Ramchal’s Introduction (Part 3)

People who value Torah wouldn’t deny the fact that we’re each bidden by G- d to draw close to Him, nor could they claim that the idea isn’t an essential teaching of the Torah. “For were you to ask” them yourself, Ramchal offers, “they would each surely affirm that that was essential” to the Jewish Faith, and that none of us should avoid it. So why do so few of us concentrate on it in fact, and thus settle for spiritual mediocrity in the process?

But it goes back to what Ramchal said at the beginning; it’s simply because the idea is so straightforward and inarguable that many otherwise fine and fully-observant people just don’t dwell on it.
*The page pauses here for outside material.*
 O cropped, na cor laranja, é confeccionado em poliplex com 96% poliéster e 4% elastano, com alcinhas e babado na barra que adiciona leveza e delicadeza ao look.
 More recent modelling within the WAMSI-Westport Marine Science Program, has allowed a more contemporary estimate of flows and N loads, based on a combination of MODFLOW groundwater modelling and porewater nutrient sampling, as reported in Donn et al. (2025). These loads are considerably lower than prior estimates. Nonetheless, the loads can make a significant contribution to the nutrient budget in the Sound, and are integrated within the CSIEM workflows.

But there’s a price to pay for that negligence, no matter how innocent, as we’ll soon see.

Interestingly enough, as Ramchal says elsewhere, what has us overlook this fundamental element of our faith is simply the fact that we don’t concentrate on the sorts of texts that feature it.
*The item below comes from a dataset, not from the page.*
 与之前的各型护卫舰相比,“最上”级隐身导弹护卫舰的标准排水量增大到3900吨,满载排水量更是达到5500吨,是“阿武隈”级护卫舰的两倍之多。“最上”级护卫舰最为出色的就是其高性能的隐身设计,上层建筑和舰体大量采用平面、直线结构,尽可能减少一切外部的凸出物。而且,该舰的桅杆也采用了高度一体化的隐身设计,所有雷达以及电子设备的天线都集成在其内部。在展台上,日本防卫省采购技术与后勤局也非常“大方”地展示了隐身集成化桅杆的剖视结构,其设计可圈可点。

He asserts that our people have been essentially ungrounded in our spirituality ever since the Holy Temple was destroyed and the greater part of our wisdom was snatched away from us. As a consequence of that we’ve stumbled about in the dark haphazardly, and are seemingly no longer able to see the light.

He offers (and many others agree) that the only solution is for us to delve into the heart and soul of the Torah, its mysteries; for it’s there that G-d and the sorts of things we’d need to do to draw close to Him are discussed. He contends that our doing that will enliven our spirits once again (Ma’amar Vichuach Choker u’Mekubal, pp. 32-34) and will lead us onto the path of piety, which is the thrust of this work.
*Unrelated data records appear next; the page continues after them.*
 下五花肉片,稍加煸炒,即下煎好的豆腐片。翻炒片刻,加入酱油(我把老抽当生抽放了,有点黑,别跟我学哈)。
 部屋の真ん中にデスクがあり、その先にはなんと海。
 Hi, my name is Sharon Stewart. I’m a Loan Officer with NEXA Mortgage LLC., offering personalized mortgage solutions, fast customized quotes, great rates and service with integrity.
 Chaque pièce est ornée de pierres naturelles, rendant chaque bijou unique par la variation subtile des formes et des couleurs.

The price we pay for not delving into all this, he stresses, is the fact that it has nearly gone by the waysides. In fact, “the studying of … the holy books concerning (all this) has been left in the hands of those of a less subtle mind”. And “it has reached the point where when one sees someone trying to become pious, one can’t help but assume that he’s of a coarser nature” -- fanatical, perhaps; or non-conventional and anti- social, as we’d put it today.

And as a result, neither the more conventional bright and sensitive Jewish souls nor the “coarser” ones get it right -- the former because they don’t expose themselves to such things, and the latter because they go about it wrong. For “it has come to appear to most that piety is dependent merely upon the recitation of many Psalms and long, convoluted confessions; upon assuming difficult fasts” and upon all sorts of extremes that simply don’t “sit well with reason or the intellect.”

So he’d advise us that we’d need to step back and reconsider our commitments; and to determine for ourselves how much of a role G-d and reasoned spiritual excellence play in our lives.